Но чем ближе я подхожу, тем становится тяжелее удерживать свой взгляд. Словно пытаться смотреть на солнце. Мои глаза слезятся и щиплют. И все же я не могу не смотреть. Мне нужно увидеть. И когда я продолжаю вглядываться в бездну, мои глаза привыкают, пока в поле зрения не появляются очертания. Фигура, сгорбленная или свернувшаяся в клубок. Постепенно в фокусе проявляются новые детали: завеса светлых волос, обнаженные руки, обхватившие такие же обнаженные ноги, миниатюрная женственная фигура…

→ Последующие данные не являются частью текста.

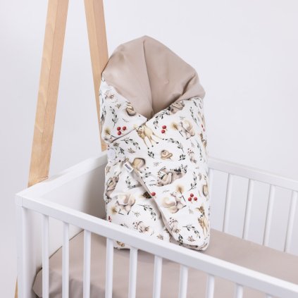Hnízdečko ušité z kvalitní bavlny v béžovém provedení s bílými abstraktními stromky. Barevná kombinace je vhodná pro kluky i holky.

Женщина медленно встает, ее руки опускаются по бокам, а голова поднимается. Завеса волос слегка расходится, и сияющие зеленые глаза встречаются с моими. Иден. Она и есть сад. Когда эти глаза впиваются в мои, я почти слышу певчих птиц, мягкий шелест теплого весеннего ветерка, пение ангелов. Большие белые крылья медленно поднимаются из-за ее спины, а затем разворачиваются в обе стороны в ленивом потягивании. У меня сперло дыхание. Слезы наворачиваются на глаза, и ощущение, которое я могу описать, как чистая радость, сжимает мою грудь. Она самая красивая из всего, что я когда-либо видел. Мне больно смотреть на нее, и я сглатываю ком в горле. Существовало ли когда-нибудь более совершенное живое существо? Конечно, нет. Ангел поднимается, ее обнаженное тело все еще сияет этим эфирным светом.
— Сейнт, — ее голос звучит как душераздирающее пение. Ее крылья светятся, излучая тепло, проникающее сквозь пространство между нами и согревающее мою кожу. — Помоги мне, — умоляет она, и слезы бегут по ее щекам. Они блестят. Слезы ангела. Такие печальные. Она неуверенно поднимает руку и тянется ко мне. — Помоги мне, — я делаю шаг вперед, но расстояние между нами внезапно увеличивается, когда я тянусь к ней навстречу. — Помоги мне.
Земля вибрирует под моими ногами, и я устремляюсь к ней или, по крайней мере, пытаюсь, но не могу. Обугленная земля трескается и раскалывается, позволяя огненной стене взлететь высоко вверх. Ее крики пронзают меня, в то время как ее охватывает пламя. Прекрасные перья ее крыльев пылают, ее кожа краснеет и покрывается волдырями, а слезы превращаются в кровь. Словно сама Богородица.
— Помоги мне, — кричит она.
Я просыпаюсь, тяжело дыша. Я горю, ощущая, как пот скользит по моему телу и впитывается в простыни. Образ Иден запечатлелся в моей памяти: ее идеальное лицо и крылья. Покопавшись в прикроватном ящике, я нахожу старую обветшавшую Библию, которую всегда храню там. Страницы потрепаны и помяты от многолетнего использования. Обложка со временем потрескалась и помялась. Раньше она принадлежала моей матери, а до этого ее отцу. Слова этой книги приносили утешение и помогали принимать решения многим, как и мне. Я мог бы процитировать ее от корки до корки, и все же я всегда возвращаюсь к одному и тому же отрывку.
"Придите же и вместе рассудим, — говорит Господь. — Пусть грехи ваши как багрянец, убелю их, как снег; пусть красны они, словно пурпур, — они будут как белая шерсть"3.